Allora, i discepoli, gli amici di Gesù erano uomini poveri e miseri, peccatori e fragili, orgogliosi ed invidiosi, traditori e rinnegatori: ciò nonostante Gesù li ha chiamati e considerati ‘amici’: anche oggi qui e per sempre noi siamo, ognuno con le proprie miserie ed infedeltà, cattiverie e peccati: pur tuttavia, chiediamo la grazia di sperimentare per prima ed immediatamente non la nostra condizione misera, ma la chiamata di Gesù ad essere suoi amici: e così comunicando alla sua stessa vita, possiamo essere messi in condizione di poter vivere la sua stessa vita divina  nella nostra vita umana, storica, quotidiana: infatti, noi diventiamo ciò che mangiamo: se mangiamo amore diventiamo amore, se mangiamo perdono diventiamo perdono, se mangiamo misericordia, diventiamo misericordiosi, se mangiamo la vita di Gesù che si è donato e consumato per amore fino alla fine, anche noi possiamo fare della nostra vita un dono d’amore, consumarci fino alla fine, donarci a Dio e ai fratelli: appunto come Gesù e grazie a Gesù, proprio perchè  mangiamo il suo stesso corpo in questa eucaristia, in questo banchetto, che diventa il banchetto della fraternità.

Tutti noi sperimentiamo la fatica del vivere quotidiano secondo il vangelo di Gesù: il pane che mangiamo ci dà la forza e la grazia per continuare a vivere seguendo Gesù: non si tratta di diventare solo persone buone, giuste, generose: tutte le persone lo possono diventare, e ce ne sono tante anche fuori da questo luogo.

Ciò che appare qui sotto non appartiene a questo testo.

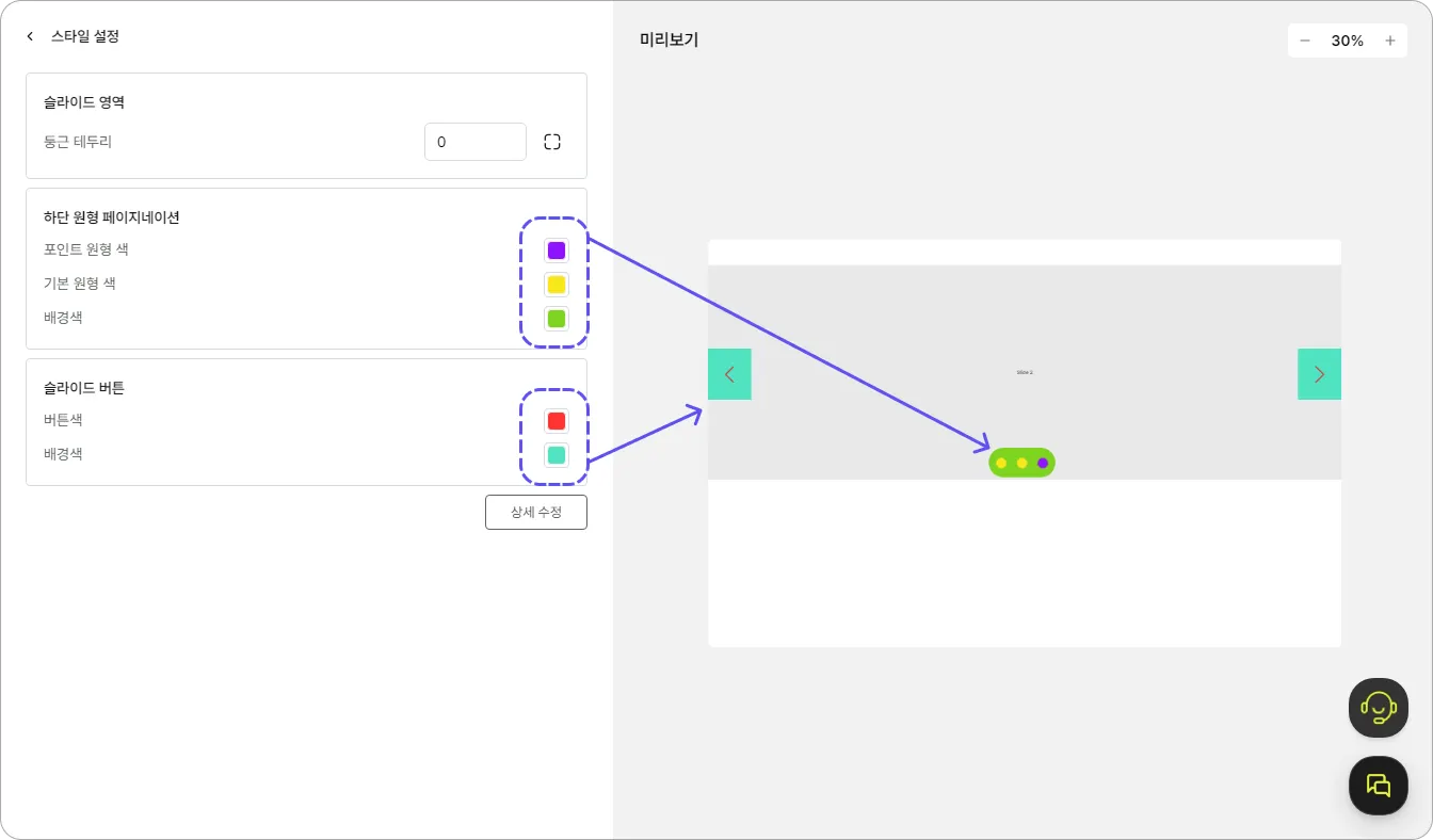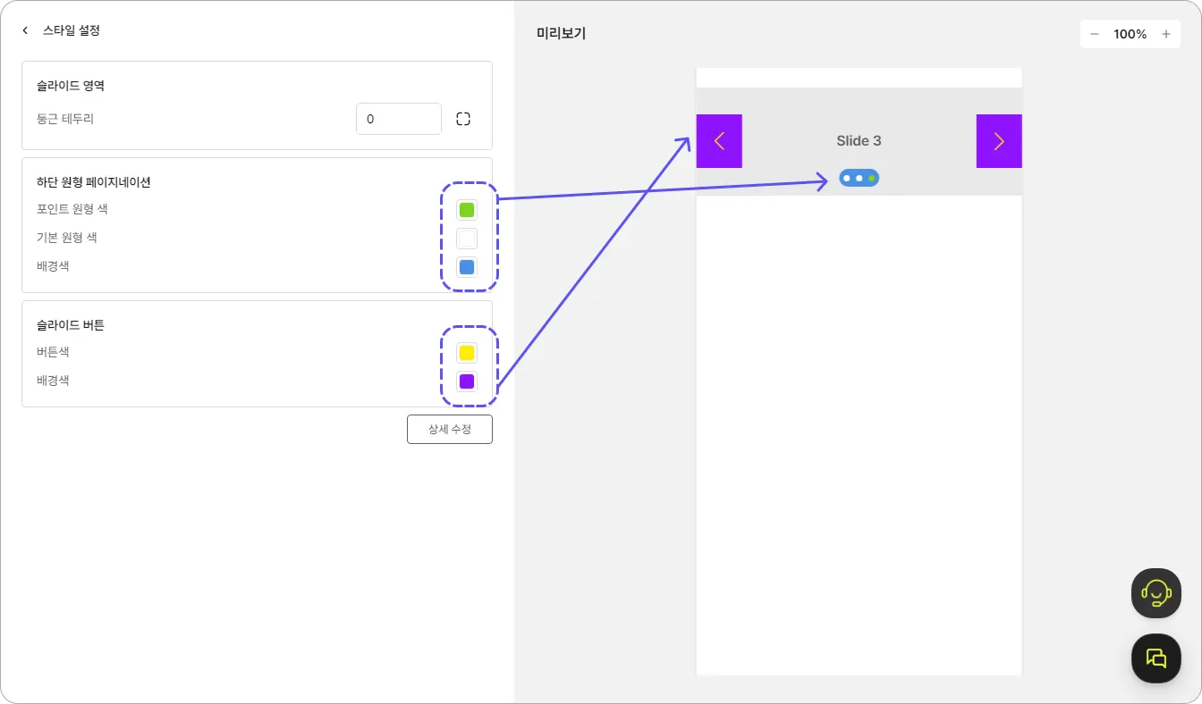 하단 원형 페이지네이션: 슬라이드 설정을 사용하는 경우 페이지 넘김 표시 색상을 선택할 수 있어요.
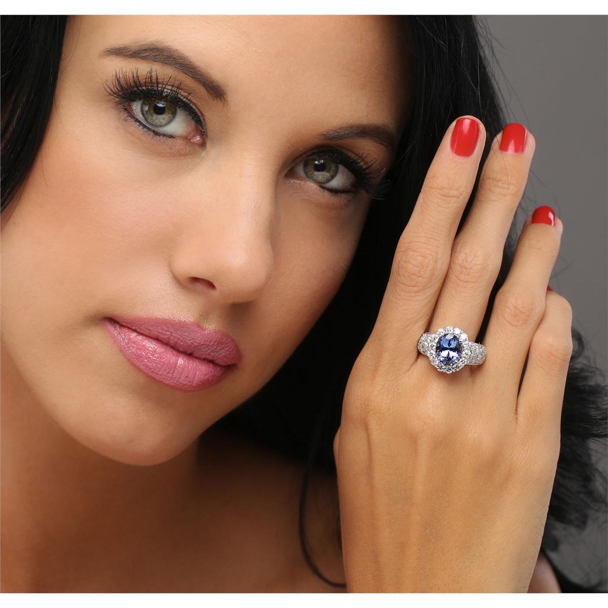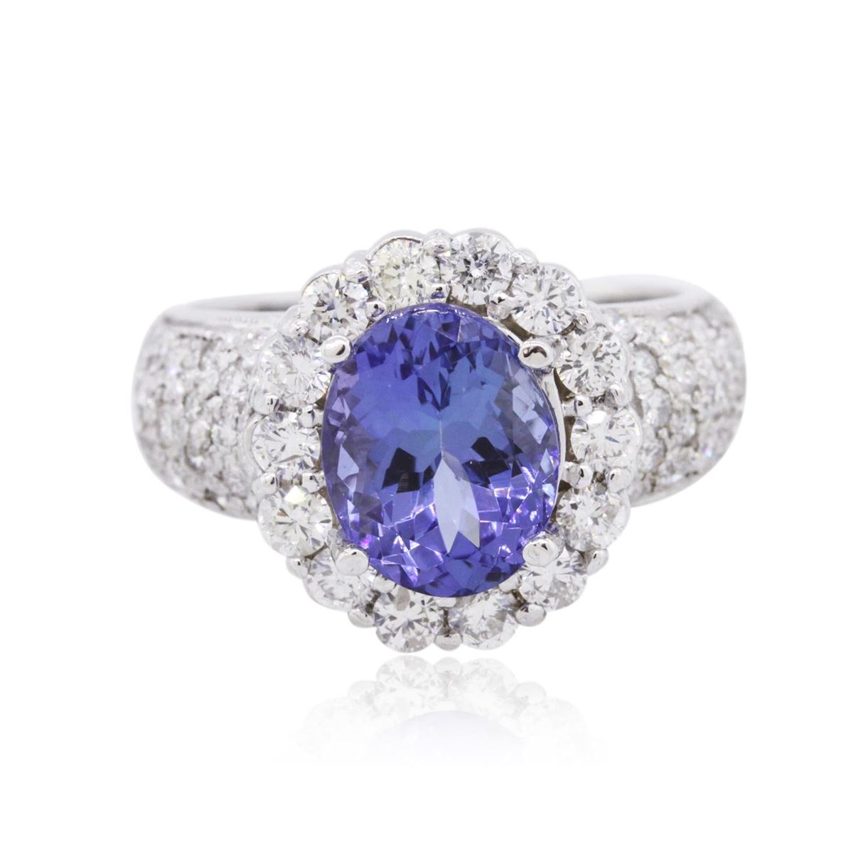 One electronically tested 14KT white gold ladies combination cast & assembled tanzanite and diamond ring with a bright polish finish. Identified with markings of "14K". Condition is new. Containing: One prong set oval modified brilliant cut natural tanzanite, measuring 10.00 x 8.00 x 5.20mm, approximate weight of 2.93ct., clarity is eye clean, type I, medium light, very slightly grayish, violet color, (GIA V 4/3), cut is very good. Thirty-Eight prong set round brilliant cut diamonds, measuring 2.00 - 1.30 x 0.99mm (depth est.) approximate total weight of 38 Stones = 0.62ct. Clarity: SI-2 to I-1. Color: I - J, Cut is Good. Colored gemstones are presumed to have been subjected to commonly used enhancement processes. All diamonds and colored gemstones are graded in the mounting, unless otherwise stated. Total Weight of Colored Stones 2.93ct. Total Weight of Diamonds 0.62ct. Total Weight of Ring 7.70 grams. GGL Appraised at $6,240.00.

Ciò che è straordinario, e che diventa dono e grazia,  è vivere come Gesù è vissuto, assumere quanto prima gli atteggiamenti di Gesù, far nostri i suoi sentimenti, comportarci come si è comportato Gesù nei confronti di Dio e di coloro che incontriamo ogni giorno nella nostra vita. Allora, fratelli e sorelle, mangiamo questo pane, cibiamoci di  questo corpo, partecipiamo al banchetto, e così prendiamo forza per seguire Gesù sulla via dell’amore, dell’amore che soffre e si dona, anche sulla via crucis; smettiamo, allora, quanto prima, di pensare di poter bastare a noi stessi, di potercela fare da soli; sentiamo quotidianamente l’invito di Gesù a partecipare al suo banchetto e rispondiamo sempre al suo invito, non solo quando abbiamo bisogno, o quando ci sentiamo a posto, o quando non abbiamo niente altro da fare, o quando dobbiamo chiedere qualcosa, o quando emotivamente, sentimentalmente pensiamo di fare cosa gradita a Dio.

Mettiamo al primo posto il desiderio di Gesù di fare pasqua con ciascuno di noi, cioè di donarci la sua stessa vita ed il suo amore, gratuito e totale. Così se noi liberamente e gratuitamente accogliamo il suo invito saremo messi nelle condizioni di poter diventare sempre più suoi discepoli che lo testimoniano nella storia quotidiana, riscoprendo la bellezza della fraternità, di essere e di vivere gli uni gli altri con lo stesso amore con cui Gesù ci ama.

Nessuno di noi sa fin dove l’amore lo porterà, fin dove sarà capace di seguire Gesù sulla via dell’amore, della ‘via crucis’: cioè a fare della propria vita un dono d’amore fino alla fine: infatti, tutti noi resteremo sempre bisognosi di amore, mendicanti d’amore e Gesù è il ‘pane di vita’ che sfama ogni nostra fame e ci dona la vita eterna.